Integrating artificial intelligence (AI) in radiology for early detection of tuberculosis (TB) is gradually gathering pace with several Indian health tech companies building deep learning models for screening and analysing abnormalities associated with the infectious disease.
Delhi-based independent non-profit organisation Wadhwani AI and Mumbai-based startup Qure.ai are among those that have started to build AI-based solutions for TB screening and detection.
While Wadhwani AI is working on the development and deployment of AI solutions in partnership with the union health ministry and agencies such as Central TB Division (CTD) and USAID, Qure.ai is looking to leverage deep learning technology to analyse chest radiographs and detect abnormalities associated with TB.
Studies suggest that AI algorithm-based TB screening can lead to a jump in notifications and help identify 30 to 40 per cent more incidental cases that would have been left undiagnosed in India, which already has a large share of the worldwide burden of the infectious disease.
Experts, however, believe that while the integration of AI models can help in early TB detection due to their ability to analyse medical images with enhanced precision, a permanent solution might still be far away.
Highlighting the potential of AI-based solutions in TB screening, Shibu Vijayan, Chief Medical Officer - Global Health, Qure.ai said that it could become the primary method for TB screening in the next five years as AI can help better predict individual and population-level vulnerability to TB.
“AI can analyse chest X-rays with high accuracy and identify signs of TB that may be missed by human radiologists. X-rays are very sensitive in detecting lung abnormalities even before symptoms like cough are present”, he said.
Speaking of their AI tools, Nakul Jain, director, products and programmes, Wadhwani AI said that their AI model employs advanced computer vision to automate the interpretation of Line Probe Assay (LPA) strips for diagnosing drug-resistant TB.
“Our AI tool named ‘Cough Against TB’ uses cough sounds and symptom data collected via a mobile app used by healthcare workers, enabling cost-effective and early TB detection”, Jain said.
A cough detector AI model validates that the audio recordings contain cough bouts. After successful verification, a cough-based TB classifier (AI model) predicts the TB likelihood score, while a tabular AI model also estimates the TB score based on the symptoms, their duration, and comorbidities.
“The outputs of these two models are combined into an ensemble AI model to predict whether the person is likely to have pulmonary TB,” Jain added.
Similarly, Qure.ai's qXR software can identify over 30 abnormalities in chest X-rays, providing detailed insights into the presence of TB and other lung diseases.
“qXR is capable of incidental case finding, helping to identify TB in populations undergoing X-rays for other reasons, thereby improving overall detection rates,” Vijayan said.
The solution has been deployed in over 90 countries and 2700 sites, scanning about a million chest X-rays annually, demonstrating its scalability and effectiveness, he said.
While AI solutions for screening TB hold tremendous promise, they can face common challenges due to data integration and variability in healthcare settings.
Jain said that some of the challenges from real-world deployment reveal patient refusal, often due to TB stigma, as a significant barrier, especially in convincing asymptomatic individuals to undergo testing.
“Additionally, in active case-finding settings, individuals may not share their symptoms properly, reducing the effectiveness of symptom-based screening”, he added.

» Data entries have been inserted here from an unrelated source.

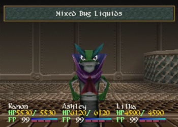 This is a weird fight, as Arms Killer seems to have a pile of attacks. If I were to guess, it seems like this creature is supposed to have attacks that particularly target characters and their weaknesses… but WA2 isn’t that kind of game. Every member of ARMS has the same weakness: getting hit by absolutely anything and losing HP. So all these varied elemental attacks don’t really do anything interesting. Maybe something happens if you’re wearing an elemental ring? I don’t know.
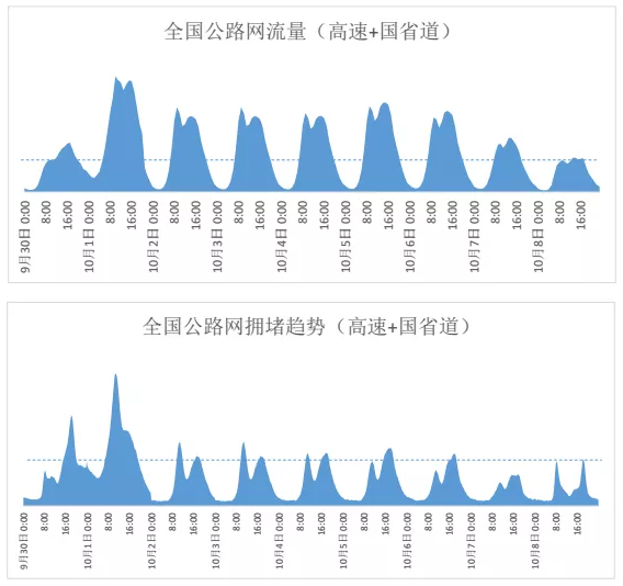 预计假期前一天(9月30日)下午15点到20点流量和拥堵均高于工作日水平。假期第一天(10月1日)10时至12时是出程高峰时段,预计流量和拥堵程度达到整个国庆假期最高峰。
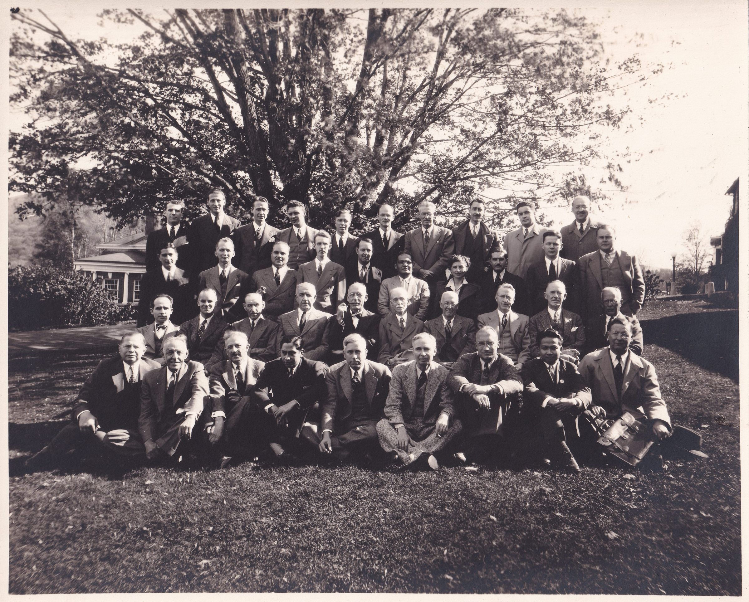 Photograph of a group of doctors and scientists at Trudeau Sanatorium. They are seated on the ground in front of the Main Building. Dr. John Schmidt is seated first at left, Dr. Francis Berger Trudeau is seated fourth from left, and Dr. Edward R. Baldwin is seated sixth from left in the second row. All the rest are unidentified.
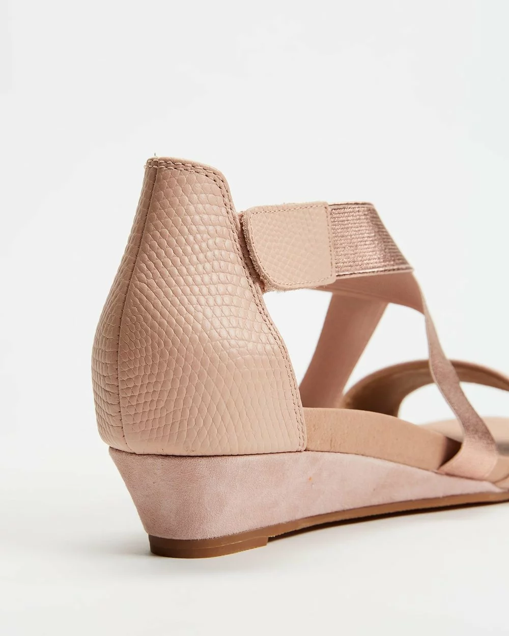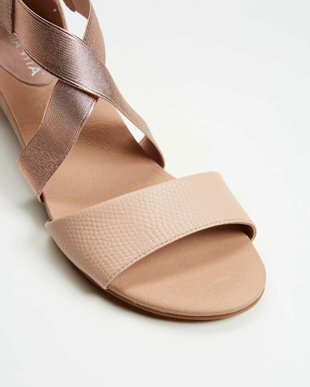– Fixed pebbled leather vamp- Elasticated cross-over straps
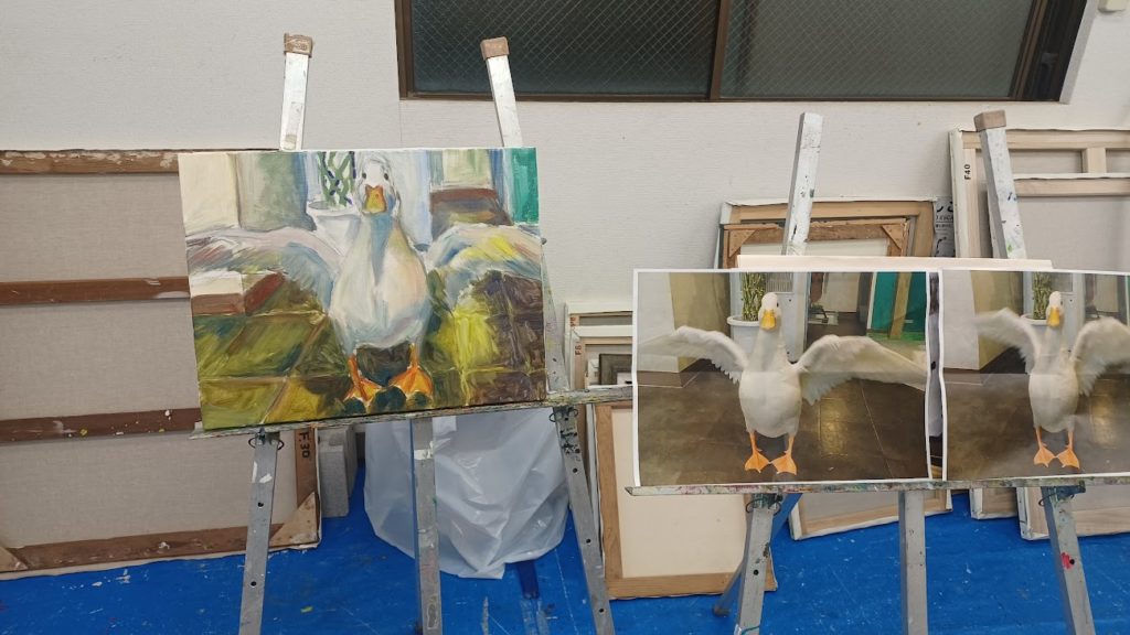 現在描いている絵。飛べないくせにばたつくアヒルが愛らしい。
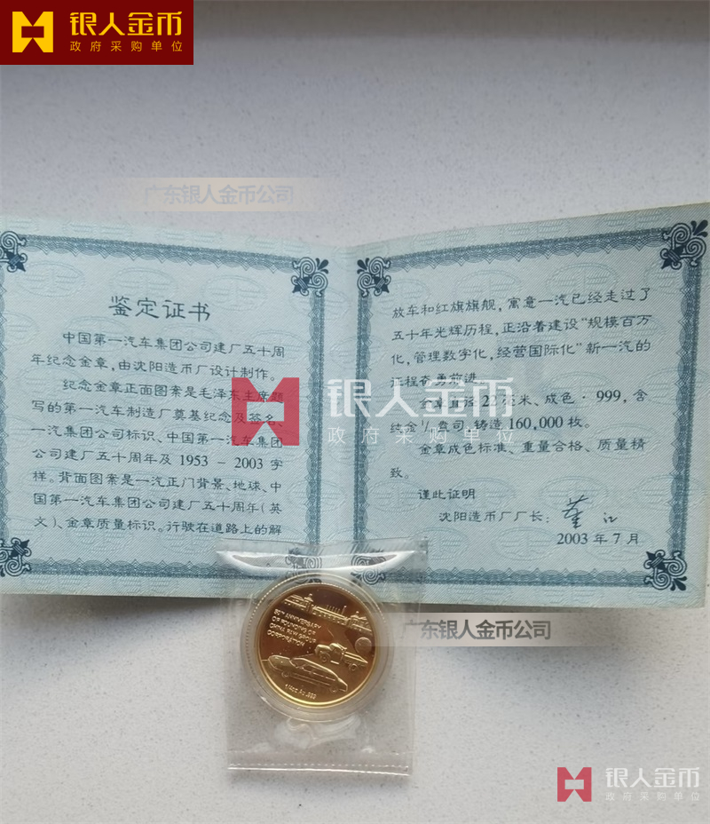 吉林長春中國一汽建廠50周年紀(jì)念金幣定制_純金紀(jì)念幣定制_定制純金紀(jì)念章_純金金幣定制_黃金紀(jì)念幣定制

Vijayan added that another challenge can be the proliferation of unregulated AI solutions. “As this is a new area, many AI products are available as open-source, free, or cheap options. However, many do not meet the standards set by the Government of India,” he said.
Jain adds that such issues are typical for any new technology and are being actively addressed through better frameworks, protocols, and continuous refinement.
“As these systems evolve and improve, we can expect more seamless integration and enhanced reliability across diverse healthcare environments,” Jain said.
While the technology is in its early validation stages, if successful, it could help identify individuals for X-ray screening, where AI can then identify probable TB cases for confirmatory testing.